How to color Frank's sign part in the ear without segmentation

Hello Everyone,

For my project, I need to color some part of ear in niffi images. Over that I am going to apply segementatio so that while training deep learning model, machine can easily understand which part must be segementated based on colorful part of ear. How can I color the specific part without segementation?

This approach does not make sense to me. If you mark the part you want segmented with color and then train a deep learning model to segment that area, you will just be training it to segment out colored areas, which will be useless for images which have not already been colored. Furthermore, the creation of the colored area, however you achieve it, is a type of segmentation, where the created segment corresponds to the colored area, so I’m not sure why you say you want to achieve this “without segmentation”. In addition, for your training (assuming the learning is supervised) you will need correct segmentations for your deep learning model to compare its results to and learn from, so in this way you also can not possibly achieve your goal without segmentation.

Hello Sir,


Thank you very much for your reply. Even after doing segementation of very small part (frank sign) in entire 3 D Brain Niffti image, it does not predicted accurate segementation properly for test data after learning 3 D Unet model. I saw some brain image dataset. They color or increase the intensity of tumar part too maximize the results. I am planning to follow the same way. Can you suggest me how I color or increase intensity of frank sign on ear or any alterative you can suggest?.

I am not an expert in deep learning approaches, but might it make sense to crop your volume so that the area of interest makes up a larger fraction of the total volume? You could crop volumes a smaller block containing just the ear, train to find Frank’s sign within those volumes, and then if that is successful you could separately train another model to crop whole head volumes down to ear-containing subvolumes.
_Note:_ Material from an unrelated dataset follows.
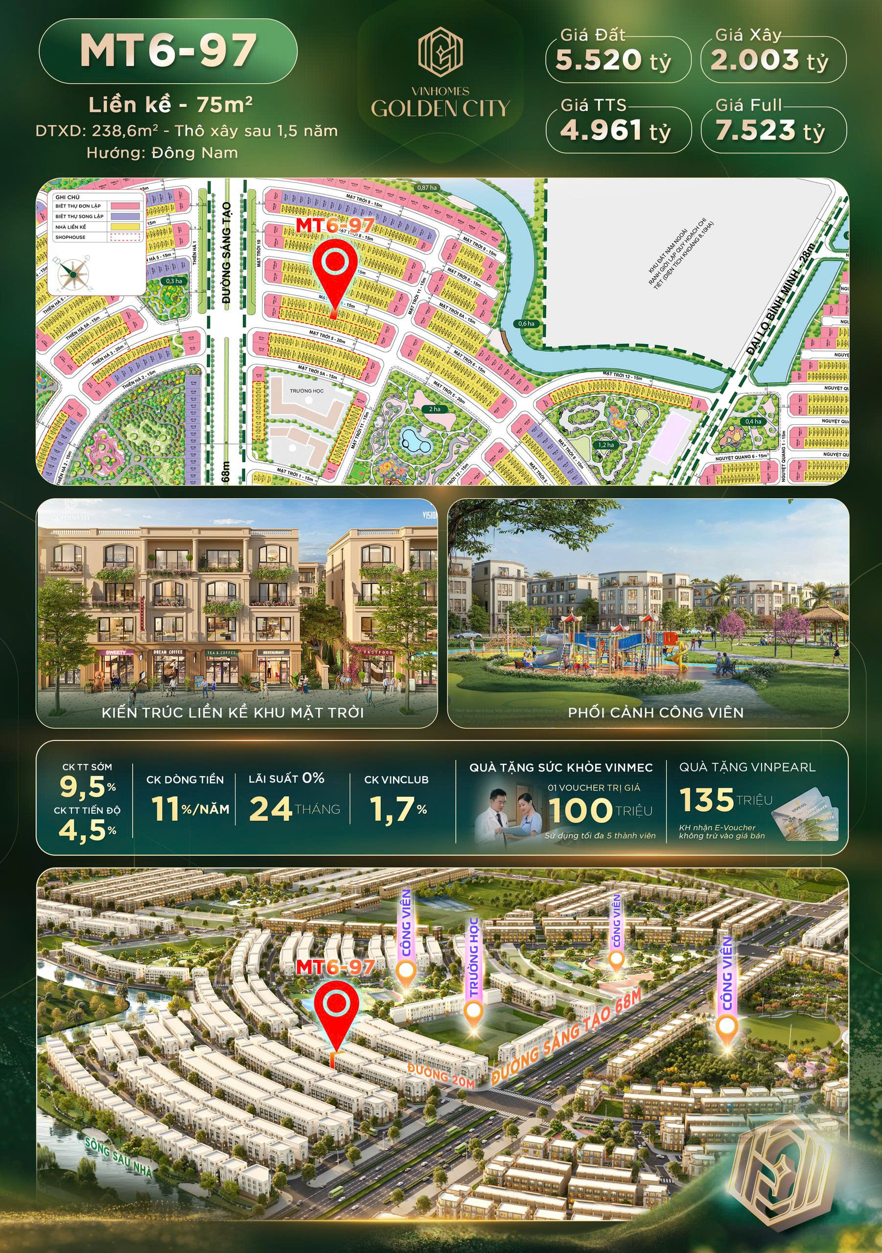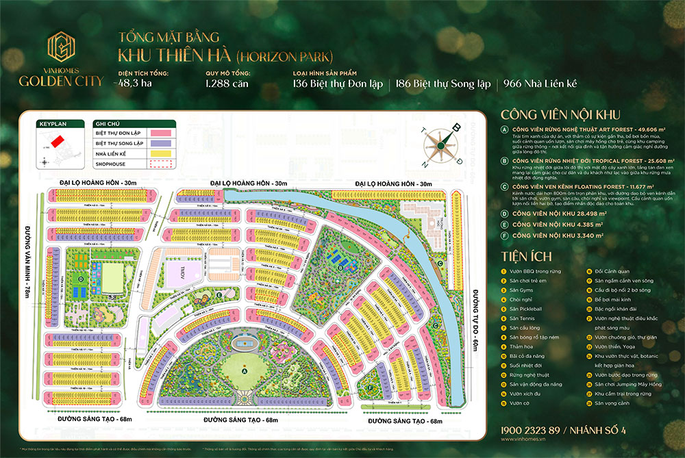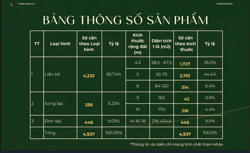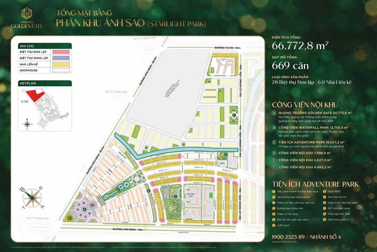 - Số lượng căn: khoảng 669 căn bao gồm 28 căn BT đơn lập và 641 căn liền kề

The final pipeline would then use the cropping network to generate a subvolume containing each ear, and then use the Frank’s sign finding network to identify whether the sign is present in that ear. If you have enough examples of cases where the sign is present and not present, you might even be able to get away with training the ear subvolume classifier to just produce a yes/no answer about the presence of the sign without segmenting the sign itself. Even if you would rather generate a segmentation in the end, I suspect that restricting the volume that you are sending to the model to focus on a smaller area of interest will be helpful.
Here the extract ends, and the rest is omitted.